The U.K. and Japan announced on Friday that they had reached agreement on a trade deal, boosting Britain’s hopes of being able to strike similar agreements with other major economies once it has cut its ties with the European Union’s single market.
• Britain’s first bilateral trade deal after Brexit mirrors the trade agreement reached a few months ago by the EU with Japan. According to U.K. officials, it will increase trade between the two countries by £15 billion a year, over an unspecified period of time.
• That would amount to a nearly 50% increase in trade, from a current £29 billion, or $37 billion (as of 2018). But according to trade experts, the increase would have been larger if the U.K. had chosen to stay in the single market and benefited from the EU-Japan deal.
• Japan is a minor trade partner for the U.K., coming in 11th place behind Switzerland. The volume of trade between the European Union and the U.K. is nearly 20 times larger than that between the U.K. and Japan.
• Friday’s agreement marks a small improvement over the EU-U.K. deal with slightly more favorable conditions for the exchange of data and financial services.
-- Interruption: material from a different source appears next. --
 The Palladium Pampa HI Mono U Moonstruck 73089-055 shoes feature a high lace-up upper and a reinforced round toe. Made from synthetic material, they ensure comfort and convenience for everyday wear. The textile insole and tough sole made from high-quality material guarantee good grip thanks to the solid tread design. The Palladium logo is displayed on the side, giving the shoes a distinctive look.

It allows the U.K. not to lose the Japanese market and to keep benefiting from the progress made by the EU on the matter.
• U.K. tariffs will decrease on automobile and railway parts, which will allow Japanese car makers to keep building cars in the U.K.
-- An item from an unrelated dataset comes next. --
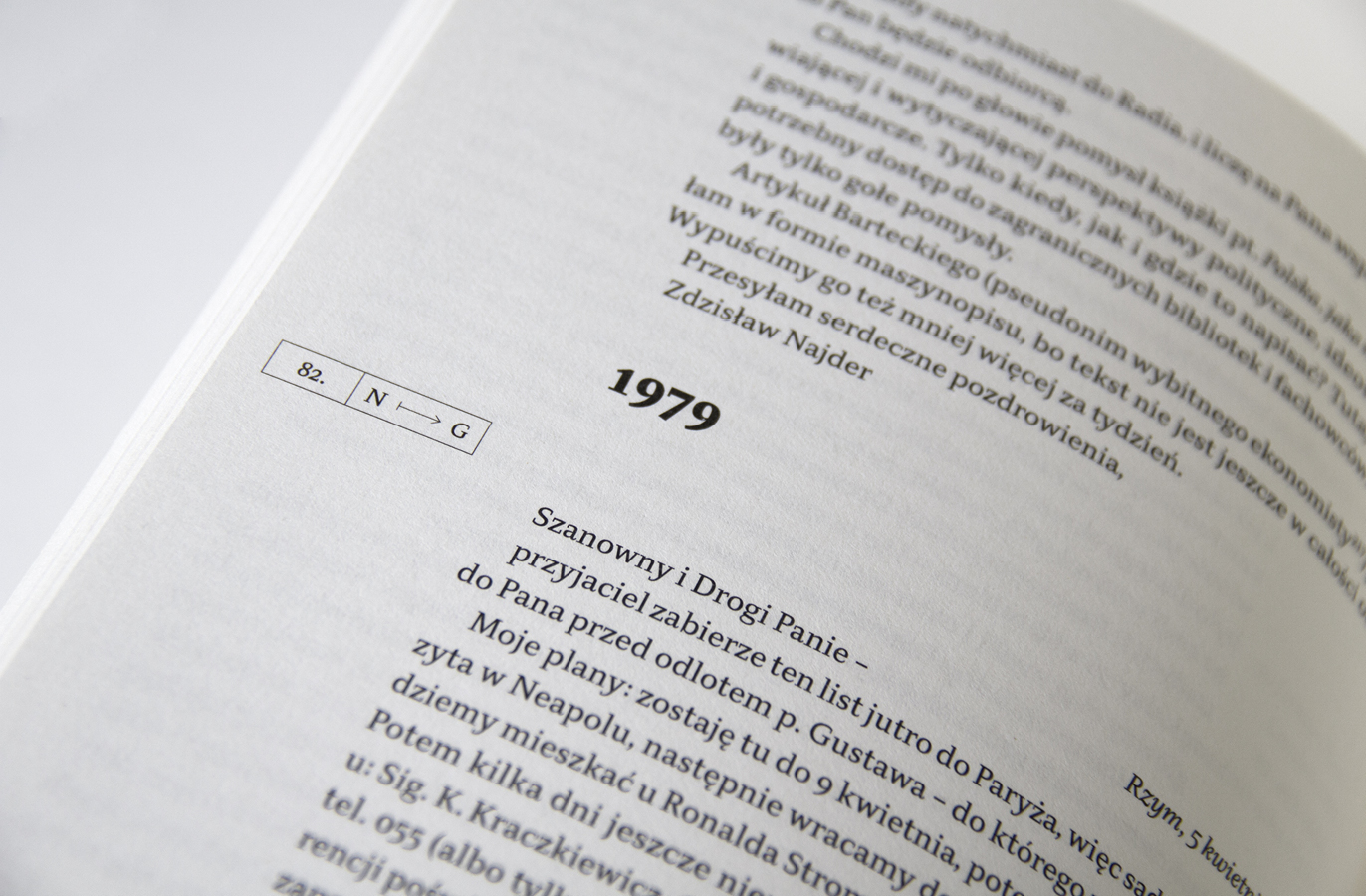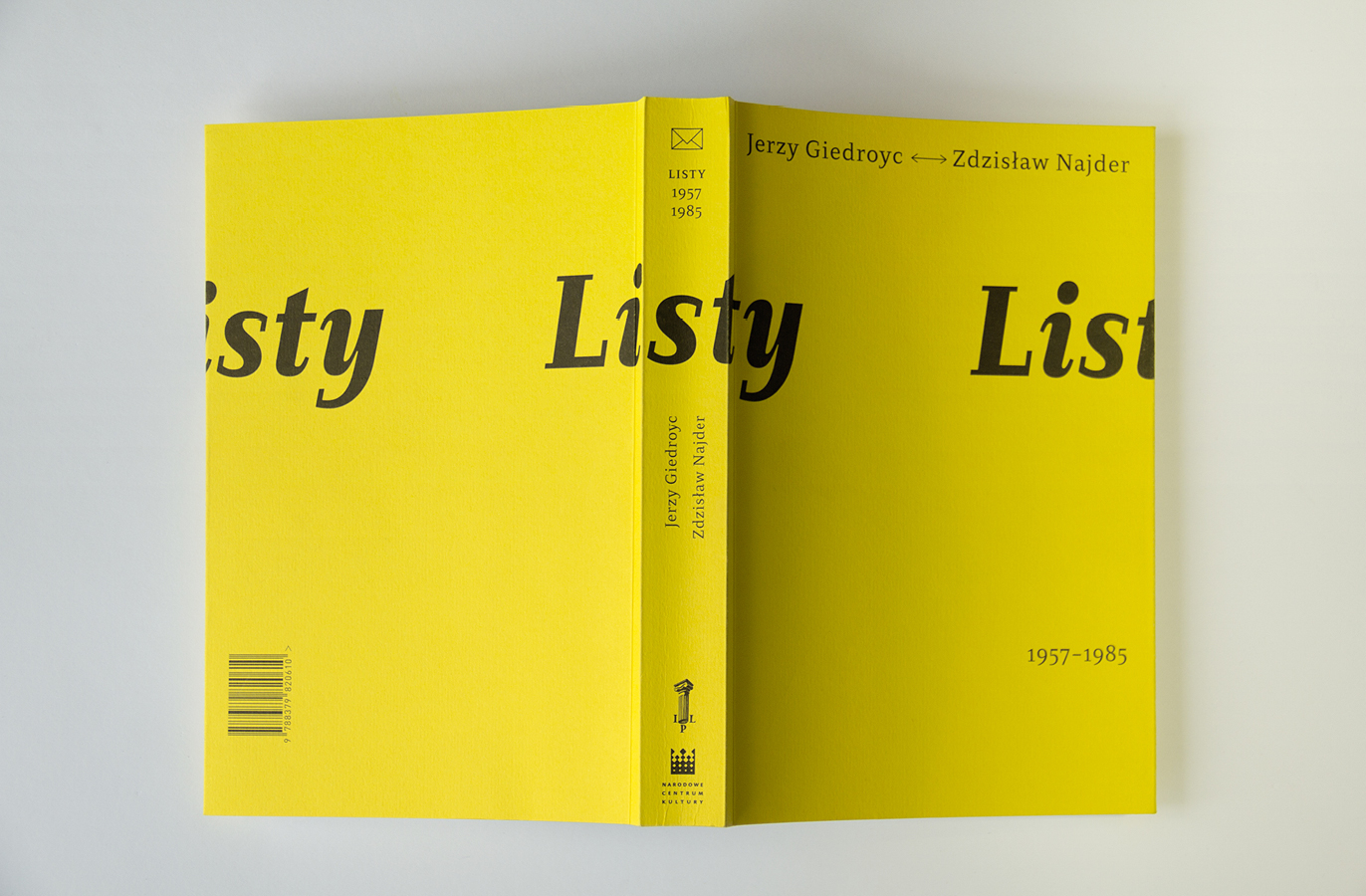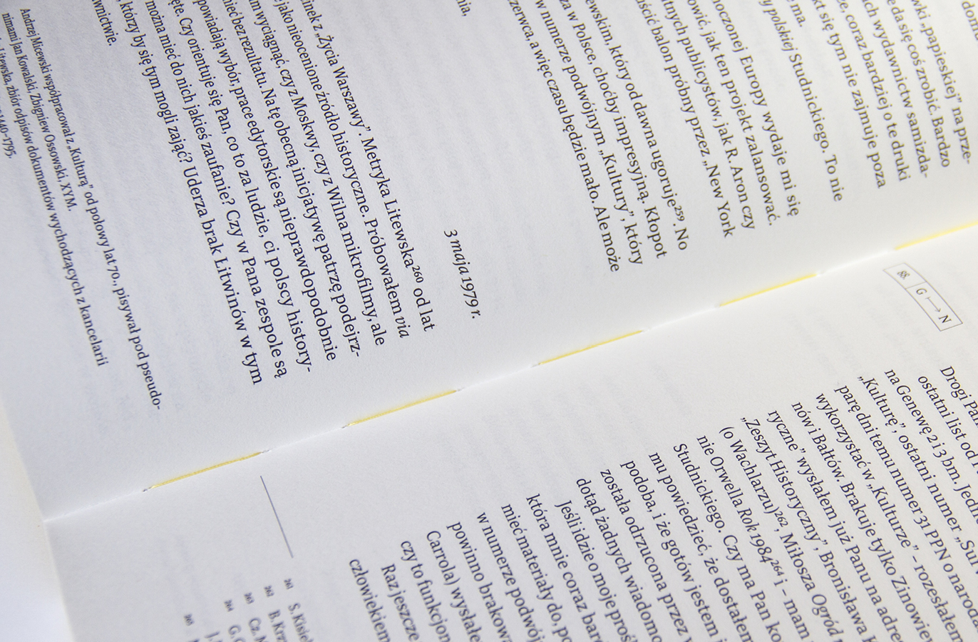 “Listy” means “letters” and refers to the long-term correspondence of Polish writers and activists Jerzy Giedroyc and Zdzisław Najder. The design of the book reflects how the relationship between the two men changed over time. Initally intense, it cooled down and then became conflicting. A characteristic motif of the layout of both the cover and the inserts is broken typography. The title of the cover is partly hidden. Navigating the letters is facilitated by numbering and marking them with the initials of the sender and recipient. The only decorative element, including a fairly minimalist design, is the repeating motif of delicate lines and rectangular boxes with letters of letters.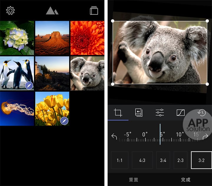 Darkroom 的界面十分简洁,黑色调的设计风格确实有几分暗房的意思。Darkroom 可以直接访问并调用整个图片库,避免了导入照片的繁琐。已经处理过的照片右下角会有标示,十分人性化。

• British cheese and tea will benefit from lower tariffs in Japan if the U.K. claims quotas left unused by the European Union in any given year.
The outlook: The deal is a morale boost for the U.K. government and its trade negotiators more than a defining moment for the country’s economy. Meanwhile the big whale of trade deals — to be concluded with the U.S. — risks being bogged down in the controversy stemming from the U.K.’s decision to row back on last year’s signed agreement with the EU on Northern Ireland.